§ What to work on
Reproduce exactly the line with "婦人インド綿ピンタック七分袖プルオーバーブラウス(ブロックプリント)" and every line that follows it below, up to and including the last one. Do not include pictures or anything else.

Recorded information below:

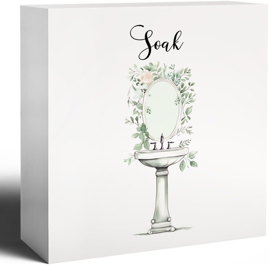 Soak Funny Bathroom Wooden Box Sign, Eucalyptus Botanical Wood Signs for Restroom Bathroom Toilet Half Bath Shelf Counter Decor, 5x5 Inch
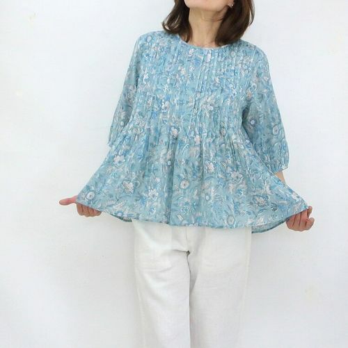 婦人インド綿ピンタック七分袖プルオーバーブラウス(ブロックプリント)
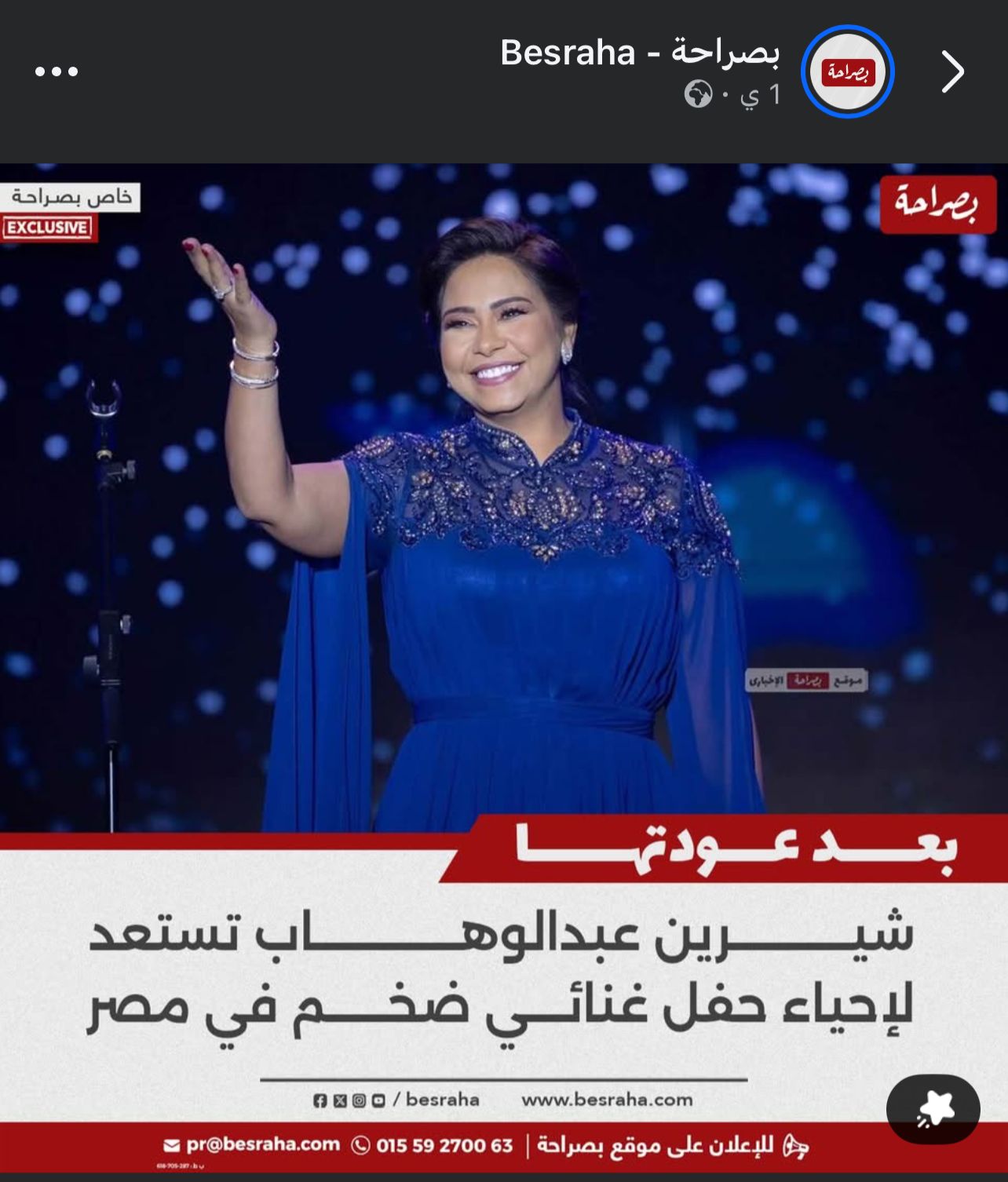 وكان موقع “بصراحة” قد كشف في وقت سابق عن عودة شيرين المرتقبة إلى الساحة الغنائية من خلال حفل ضخم، وهو ما تأكد الآن مع بدء التحضيرات والتفاوض على تفاصيل الحدث.

End of Recorded information.

§ Exercise result
 婦人インド綿ピンタック七分袖プルオーバーブラウス(ブロックプリント)
 وكان موقع “بصراحة” قد كشف في وقت سابق عن عودة شيرين المرتقبة إلى الساحة الغنائية من خلال حفل ضخم، وهو ما تأكد الآن مع بدء التحضيرات والتفاوض على تفاصيل الحدث.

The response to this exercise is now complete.